DATA SHOWN below:
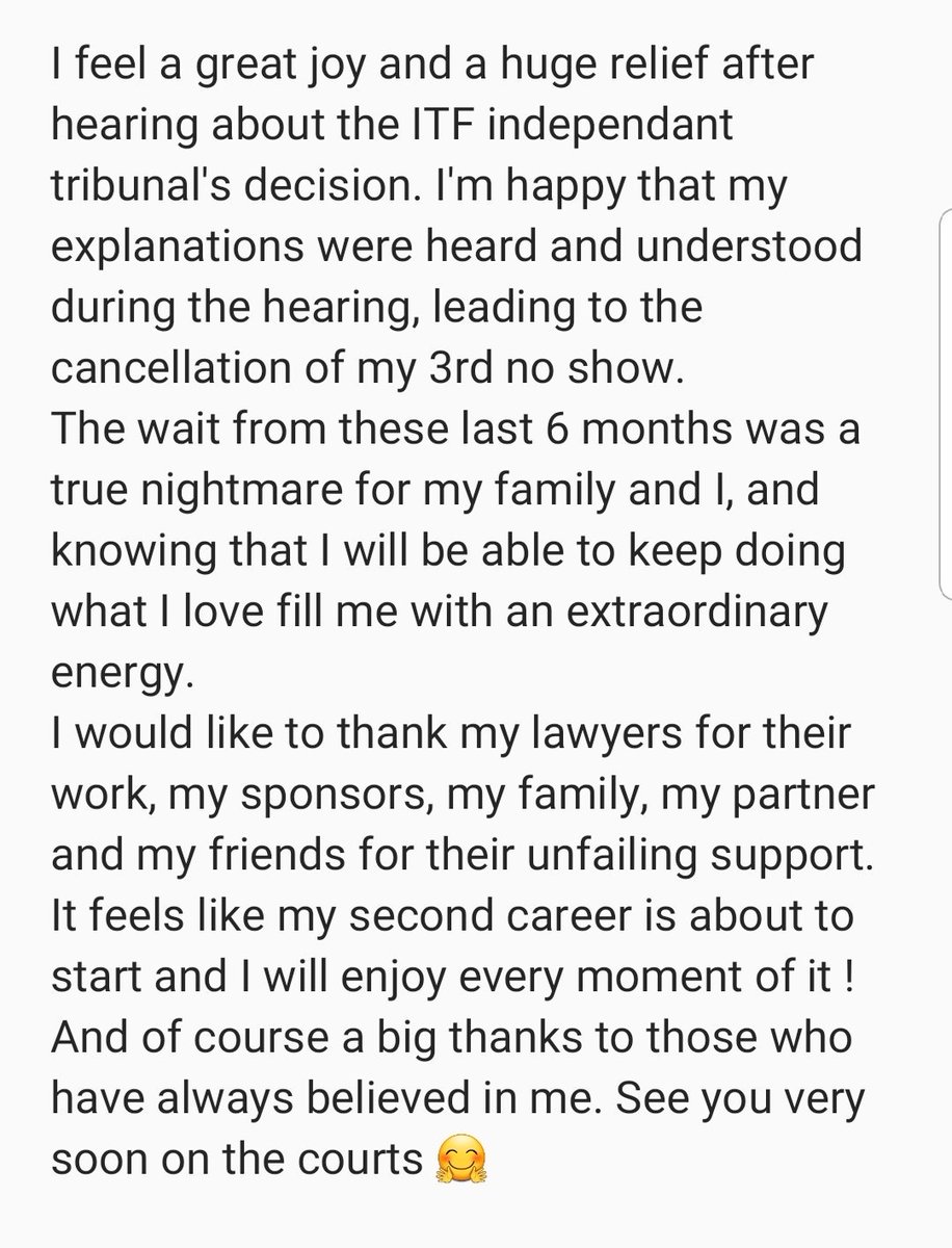 ITF:n asettama itsenäinen työryhmä katsoi, ettei dopingtestaaja ollut yrittänyt tavoitella urheilijaa riittävästi. He uskoivat Cornet’n esittämiä todisteita ja sitä, että hänet on testattu uransa aikana jo yli 100 kertaa ilman ongelmia.
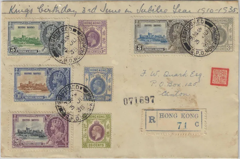 KGV Definitives, Hong Kong 1935, 3c – 20c
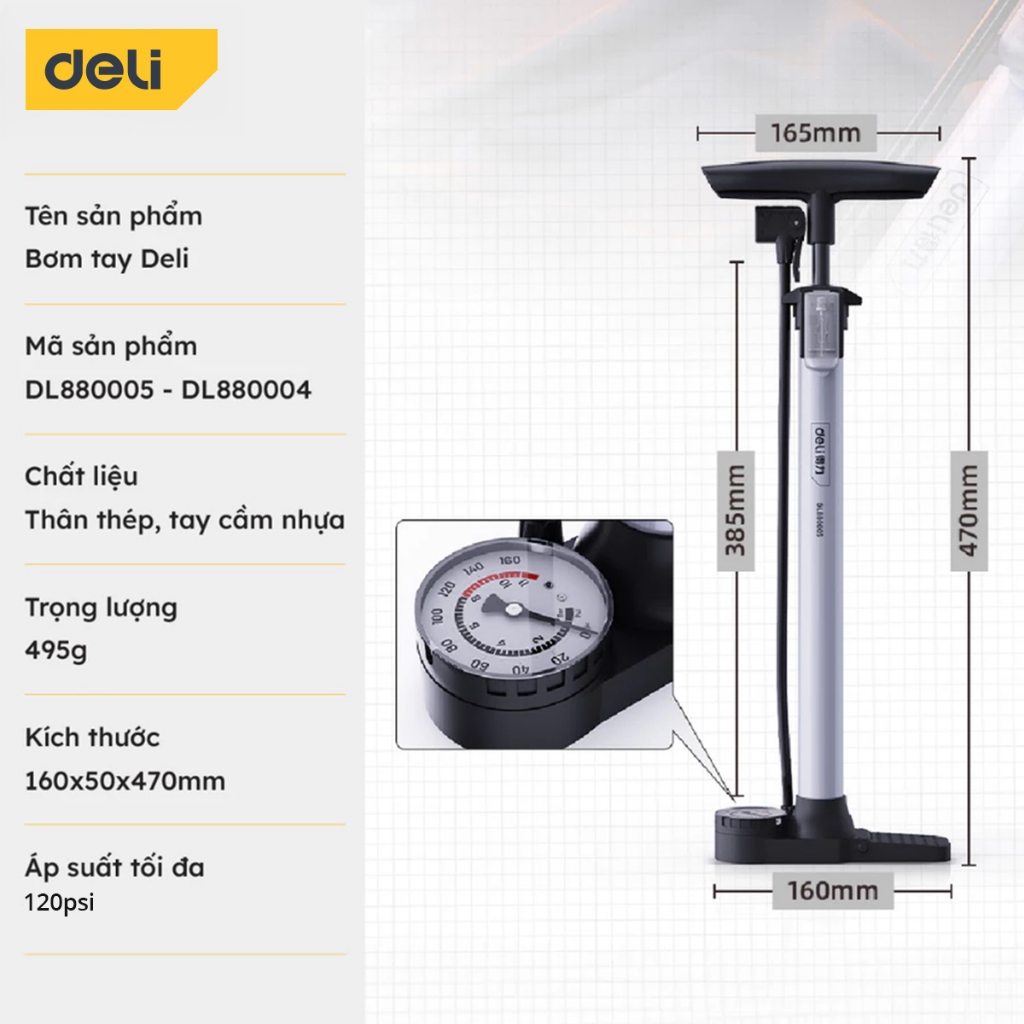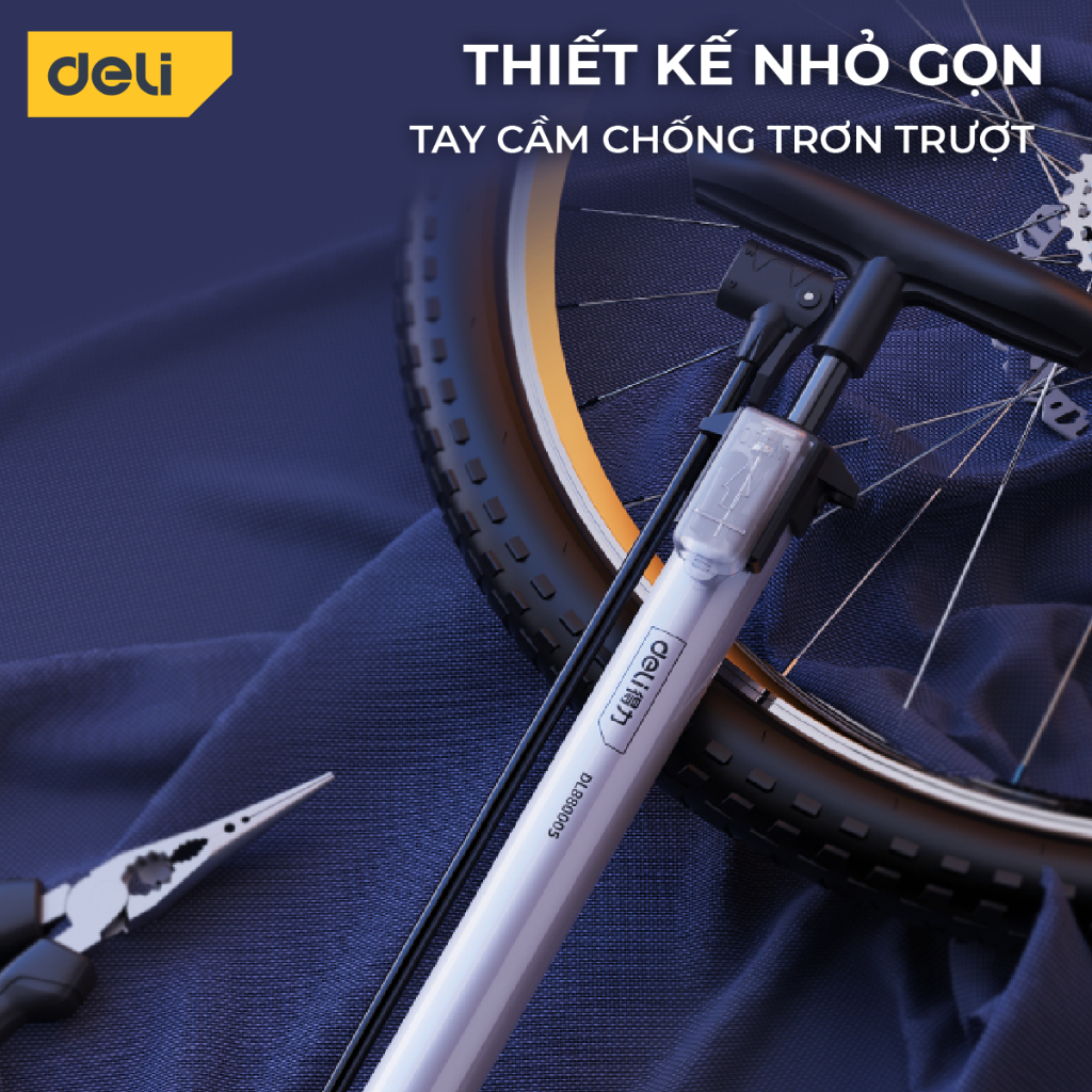 Thông số kỹ thuật Bơm Xe Đạp Xe Máy Deli Tools Tích Hợp Đồng Hồ Áp Suất Tối Đa 160psi Nhỏ Gọn Dễ Dàng Mang Theo Mọi Nơi DL880005
End of DATA SHOWN.
= TASK =
Go through the lines above and write each one out verbatim, skipping the pictures.

= YOUR RESPONSE =
 ITF:n asettama itsenäinen työryhmä katsoi, ettei dopingtestaaja ollut yrittänyt tavoitella urheilijaa riittävästi. He uskoivat Cornet’n esittämiä todisteita ja sitä, että hänet on testattu uransa aikana jo yli 100 kertaa ilman ongelmia.
 KGV Definitives, Hong Kong 1935, 3c – 20c
 Thông số kỹ thuật Bơm Xe Đạp Xe Máy Deli Tools Tích Hợp Đồng Hồ Áp Suất Tối Đa 160psi Nhỏ Gọn Dễ Dàng Mang Theo Mọi Nơi DL880005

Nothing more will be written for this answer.